Our Score: 2 out of 5 stars
I have to preface this review by stating that I attended Catholic school for four years. During those years I probably learned more about the Christian faith than I have at any other point in my life. No matter what grade, one part of our day was dedicated to a religion class. No, not learning about other religions and expanding our horizons, but instead just going over the same Biblical curriculum. Think of it in the same way they hammer in English and math lessons every year in schools. During religion class, we either read scripture, interpreted scripture or watched a good old fashioned New Testament movie. I watched almost every single kind, ranging from animated, black and white, silent, TV series and ones I’m fairly certain were created just for church distribution. Very few of them distinguished themselves when retelling the story of Jesus. “Son of God” is no different.
With hundreds of pages to go off, where does the movie begin? Well it never feels like it actually starts off anywhere and instead just dabbles throughout the beginnings of Jesus Christ (Morgado). I guess you could say it starts at his birth, but that literally occupies a couple of minutes in the movie. For some reason they try to establish Pontius Pilate (Greg Hicks) early on. He’s clearly a big player later in the story, but showcasing him on horseback while his minions kill people seems rather pointless. The story isn’t really set in stone. We have some random narrative from the Apostle John (Sebastian Knapp) that adds nothing. The first third of the movie is spent meandering from one random story to the next and surprisingly Christ’s baptism was not one of those stories. We reach some consistency when Jesus makes his final entry into Jerusalem before his crucifixion. I feel like most movies on the life of Christ hinge their emotional bets on the crucifixion. “Son of God” does too, but the payoff comes off passionless.
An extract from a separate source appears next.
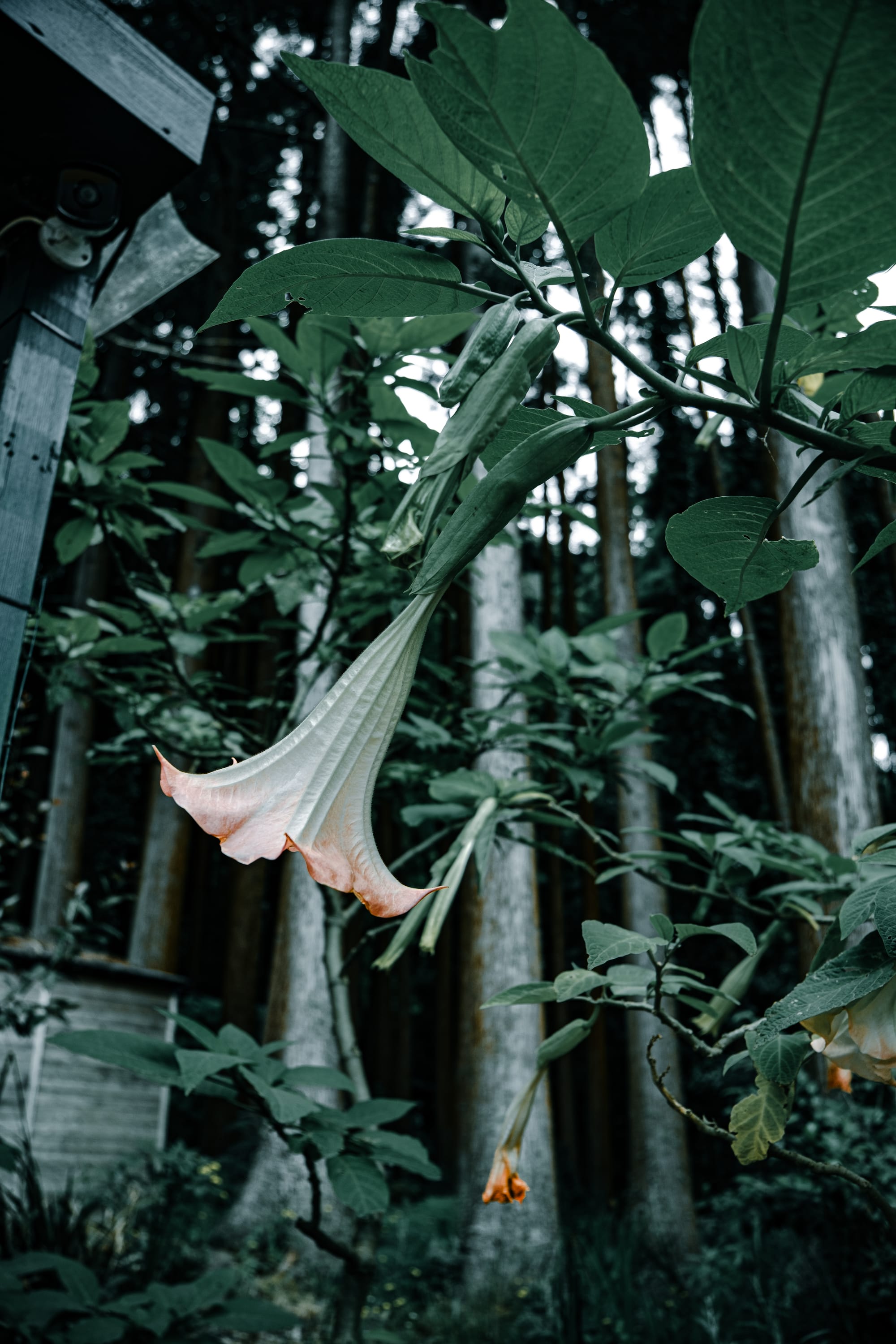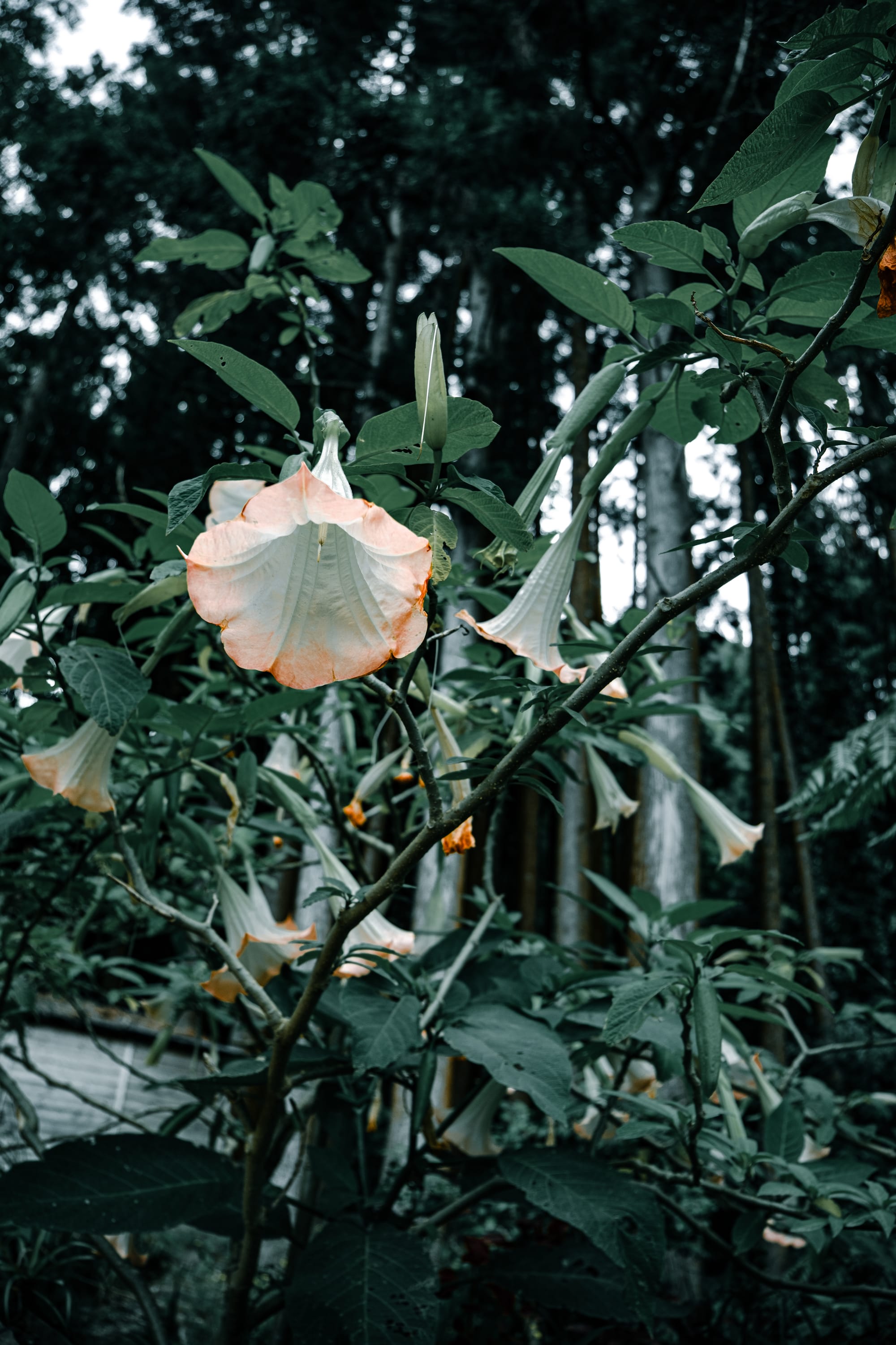 Blooms hang like pale trumpets, their delicate peach-tinged edges softening the dark geometry of the forest behind them

The movie oddly spends half it’s time dipping into the behind the scenes politics of the Romans and the Jewish elders bickering about Jesus. It saps previous screentime that could have been used to build the relationship Jesus had with the Virgin Mary (Downey) or his Apostles. The movie heavily focuses on the people who seem to lack faith in Christ’s abilities. Everyone from bystanders to his Apostles are constantly second guessing his claims and his miracles. As for the actors, they’re convincing enough in their roles, but nothing screams job security. Playing the Lord and Savior for over a billion people is a tough task, but Diogo Morgado is a bit underwhelming. He smiles some pearly whites when delivering a sermon, but Jesus wasn’t all niceties and politeness. One of the most pivotal stories of the New Testament is when Jesus becomes physically upset that the temple in Jerusalem has become a den of thieves and crooks who peddle their goods. This movie should call for Jesus to become physically upset (the only time it happens in the Bible), but instead becomes an obvious sign that Morgado may not have been the right man for the role.
This isn’t a bad movie, but it’s not a good movie either. This movie suffers from being way too vanilla with its material. It seems afraid to try anything new in terms of story telling. I had to ask myself after the movie: Why must a movie like this be made if there’s nothing creatively new to add? I know the immediate response would be to spread the word of God for a new generation. But I don’t think that’s a real reason if this movie is simply a cut and paste theatrical release of “The Bible” miniseries that was aired on the History Channel. Maybe I’m wrong. All I know is, future Catholic school kids will be stuck watching this when teacher feels like letting the TV do the lecturing.